Exercise instructions:
Copy out the entries below precisely; nothing is to be omitted.

Supplied material:

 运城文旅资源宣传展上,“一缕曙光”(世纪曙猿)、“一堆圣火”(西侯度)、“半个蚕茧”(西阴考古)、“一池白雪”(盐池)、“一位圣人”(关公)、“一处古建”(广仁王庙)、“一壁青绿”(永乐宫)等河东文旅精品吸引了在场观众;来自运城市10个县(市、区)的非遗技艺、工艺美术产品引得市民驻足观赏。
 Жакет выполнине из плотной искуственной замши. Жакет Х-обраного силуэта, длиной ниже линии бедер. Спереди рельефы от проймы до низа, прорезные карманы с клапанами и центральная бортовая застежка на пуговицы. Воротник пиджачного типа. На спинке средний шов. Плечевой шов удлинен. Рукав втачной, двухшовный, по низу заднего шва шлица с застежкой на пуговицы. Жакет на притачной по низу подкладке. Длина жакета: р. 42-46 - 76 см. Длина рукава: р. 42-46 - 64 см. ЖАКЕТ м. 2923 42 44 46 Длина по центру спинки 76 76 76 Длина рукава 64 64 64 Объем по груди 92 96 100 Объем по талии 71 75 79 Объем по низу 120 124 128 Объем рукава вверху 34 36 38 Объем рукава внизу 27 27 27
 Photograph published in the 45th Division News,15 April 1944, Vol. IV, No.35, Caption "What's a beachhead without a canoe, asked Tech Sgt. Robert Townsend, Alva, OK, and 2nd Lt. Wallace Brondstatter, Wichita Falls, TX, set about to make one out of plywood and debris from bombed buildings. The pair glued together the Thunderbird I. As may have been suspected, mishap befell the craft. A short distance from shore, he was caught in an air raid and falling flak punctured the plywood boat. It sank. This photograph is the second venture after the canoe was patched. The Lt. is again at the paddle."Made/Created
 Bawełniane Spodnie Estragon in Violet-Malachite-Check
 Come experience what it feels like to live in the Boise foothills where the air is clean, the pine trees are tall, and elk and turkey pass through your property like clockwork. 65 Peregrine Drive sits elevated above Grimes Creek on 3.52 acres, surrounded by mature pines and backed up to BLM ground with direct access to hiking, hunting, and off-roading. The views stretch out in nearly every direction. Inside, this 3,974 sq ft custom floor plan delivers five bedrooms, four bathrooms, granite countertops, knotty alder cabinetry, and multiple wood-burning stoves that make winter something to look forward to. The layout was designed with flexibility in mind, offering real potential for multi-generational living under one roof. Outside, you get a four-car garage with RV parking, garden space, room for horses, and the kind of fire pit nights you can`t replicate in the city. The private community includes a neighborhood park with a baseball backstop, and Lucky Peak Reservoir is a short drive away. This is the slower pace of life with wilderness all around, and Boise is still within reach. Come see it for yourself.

Task result:
 运城文旅资源宣传展上,“一缕曙光”(世纪曙猿)、“一堆圣火”(西侯度)、“半个蚕茧”(西阴考古)、“一池白雪”(盐池)、“一位圣人”(关公)、“一处古建”(广仁王庙)、“一壁青绿”(永乐宫)等河东文旅精品吸引了在场观众;来自运城市10个县(市、区)的非遗技艺、工艺美术产品引得市民驻足观赏。
 Жакет выполнине из плотной искуственной замши. Жакет Х-обраного силуэта, длиной ниже линии бедер. Спереди рельефы от проймы до низа, прорезные карманы с клапанами и центральная бортовая застежка на пуговицы. Воротник пиджачного типа. На спинке средний шов. Плечевой шов удлинен. Рукав втачной, двухшовный, по низу заднего шва шлица с застежкой на пуговицы. Жакет на притачной по низу подкладке. Длина жакета: р. 42-46 - 76 см. Длина рукава: р. 42-46 - 64 см. ЖАКЕТ м. 2923 42 44 46 Длина по центру спинки 76 76 76 Длина рукава 64 64 64 Объем по груди 92 96 100 Объем по талии 71 75 79 Объем по низу 120 124 128 Объем рукава вверху 34 36 38 Объем рукава внизу 27 27 27
 Photograph published in the 45th Division News,15 April 1944, Vol. IV, No.35, Caption "What's a beachhead without a canoe, asked Tech Sgt. Robert Townsend, Alva, OK, and 2nd Lt. Wallace Brondstatter, Wichita Falls, TX, set about to make one out of plywood and debris from bombed buildings. The pair glued together the Thunderbird I. As may have been suspected, mishap befell the craft. A short distance from shore, he was caught in an air raid and falling flak punctured the plywood boat. It sank. This photograph is the second venture after the canoe was patched. The Lt. is again at the paddle."Made/Created
 Bawełniane Spodnie Estragon in Violet-Malachite-Check
 Come experience what it feels like to live in the Boise foothills where the air is clean, the pine trees are tall, and elk and turkey pass through your property like clockwork. 65 Peregrine Drive sits elevated above Grimes Creek on 3.52 acres, surrounded by mature pines and backed up to BLM ground with direct access to hiking, hunting, and off-roading. The views stretch out in nearly every direction. Inside, this 3,974 sq ft custom floor plan delivers five bedrooms, four bathrooms, granite countertops, knotty alder cabinetry, and multiple wood-burning stoves that make winter something to look forward to. The layout was designed with flexibility in mind, offering real potential for multi-generational living under one roof. Outside, you get a four-car garage with RV parking, garden space, room for horses, and the kind of fire pit nights you can`t replicate in the city. The private community includes a neighborhood park with a baseball backstop, and Lucky Peak Reservoir is a short drive away. This is the slower pace of life with wilderness all around, and Boise is still within reach. Come see it for yourself.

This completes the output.